▶ **LISTED ENTRIES**:
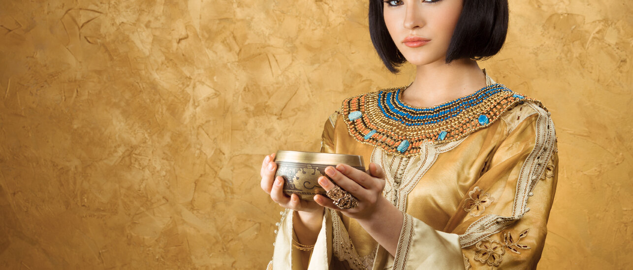Noch bevor die Pyramiden erbaut wurden, betrieb das alte Ägypten einen regelrechten Schönheitskult: Es war undenkbar für die Mitglieder des Herrscherhauses und des Hofstaates, sich ungeschminkt der Öffentlichkeit zu zeigen – übrigens auch für Männer. Horus, dem Gott des Himmels und des Lichtes zu Ehren malte man sich dunkle Umrandungen um die Augen. Dazu wurden Eisenoxid, Antimon und Malachit mit Wasser vermischt und mithilfe diverser, erstaunlich differenzierter Gerätschaften aufgetragen – das beweisen Grabfunde.
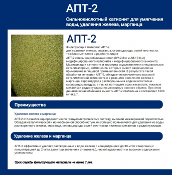 АПТ-2 является ионнообменным и каталитическим материалом для обезжелезивания, удаления марганца и умягчения воды.
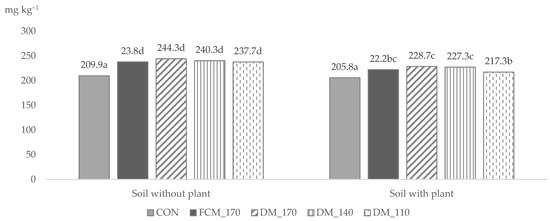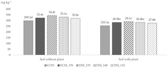 In our study, the available P2O5 content of soils without crops differed insignificantly between liquid cow manure (N170) and digestate (N170) (Figure 1): 73.9 and 88.9 kg ha−1 of available P2O5 were added in the former and 88.9 kg ha−1 in the latter case. This is in line with the findings of Barłóg et al. [55]: “fertilization did not have any significant influence on the content of plant-available phosphorus in soil in any year of the study, regardless of the soil depth, comparing digestate with cattle manure”. Similar trends were also found by Vago et al. [56]. In their study, the slight change in available P2O5 in the soil was probably due to the high pH values of the digestate (Table 1), which led to an increase in the chemical sorption of phosphorus compounds taken up by plants. The lower rates of digestate (N140 and N110) resulted in a tendentious, but not significantly, lower content of available P2O5 in the soil compared to the N170 digestate rate.
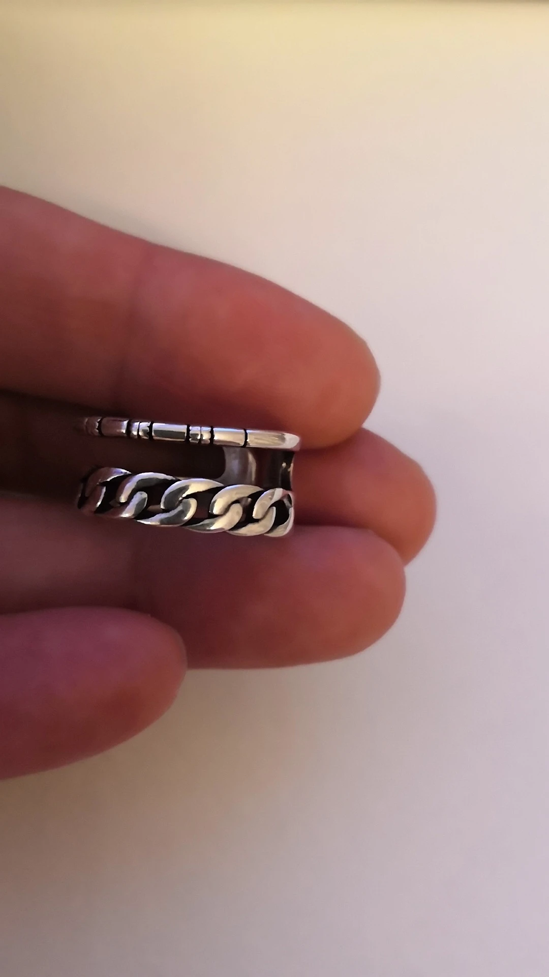 Не знаю, серебро ли, но выглядит достойно и стильно. Сидит комфортно на пальце 16-го размера ( не слетает, но и не давит, в самый раз)
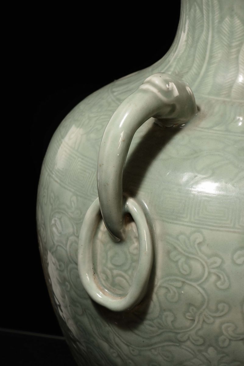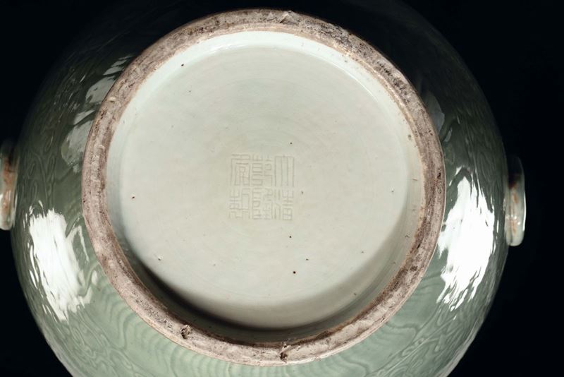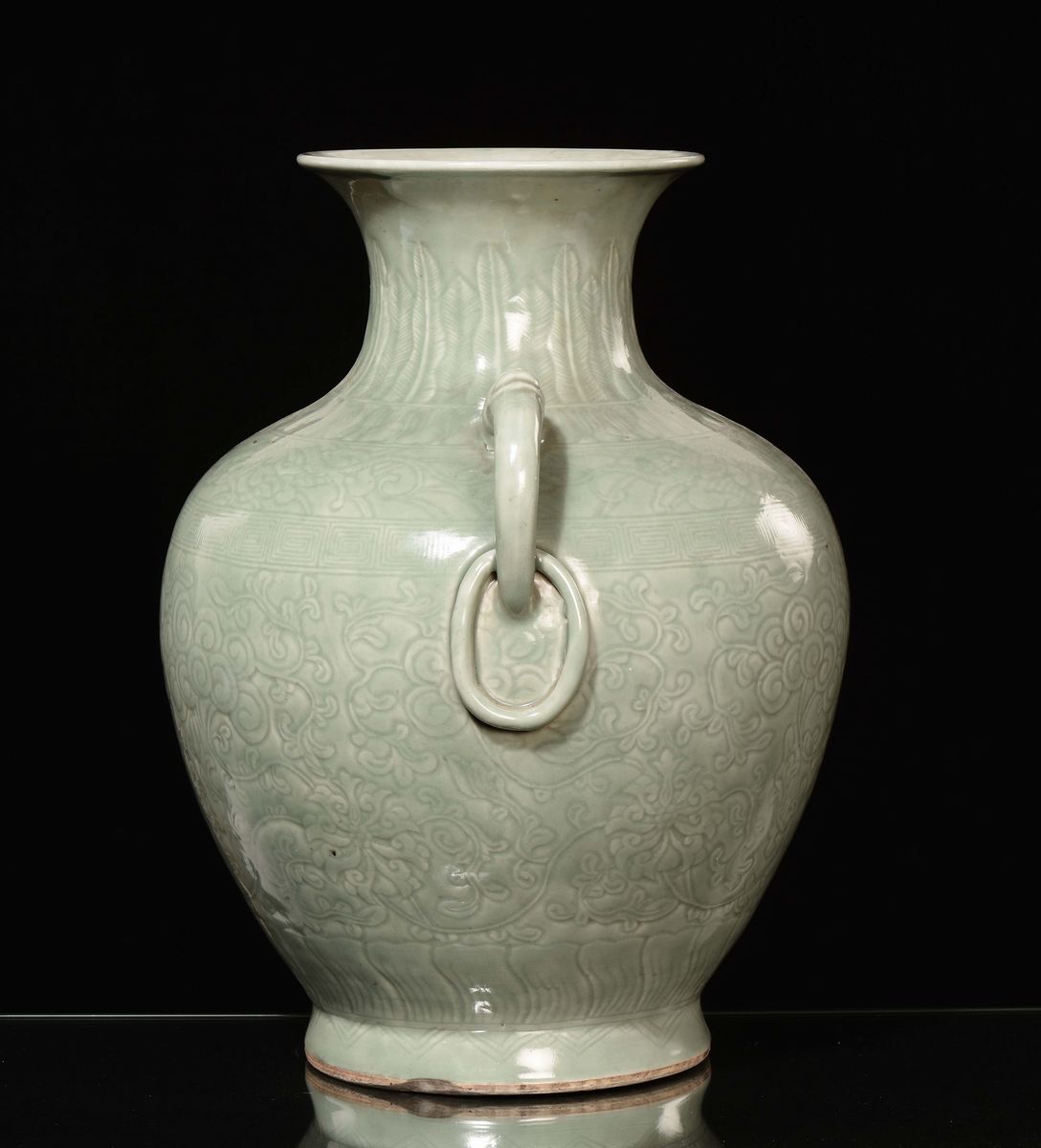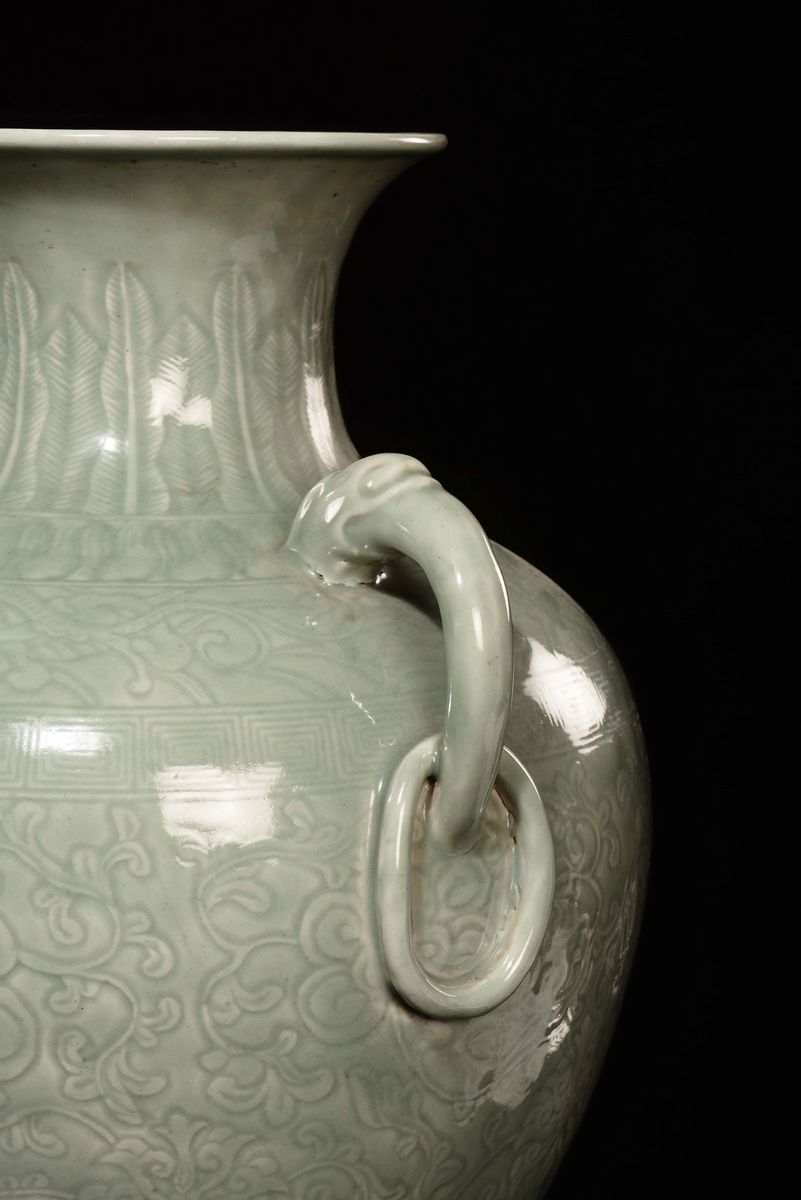 A large Celadon porcelain two-handled vase with archaic decoration, China, Qing Dynasty, 19th century

▶ **WORK INSTRUCTIONS**: The expected output is exactly the lines from the one containing "Не знаю, серебро" through the last line of the listing, both included, with every picture left out.

▶ **RESULT FOR THIS EXERCISE**:
 Не знаю, серебро ли, но выглядит достойно и стильно. Сидит комфортно на пальце 16-го размера ( не слетает, но и не давит, в самый раз)
 A large Celadon porcelain two-handled vase with archaic decoration, China, Qing Dynasty, 19th century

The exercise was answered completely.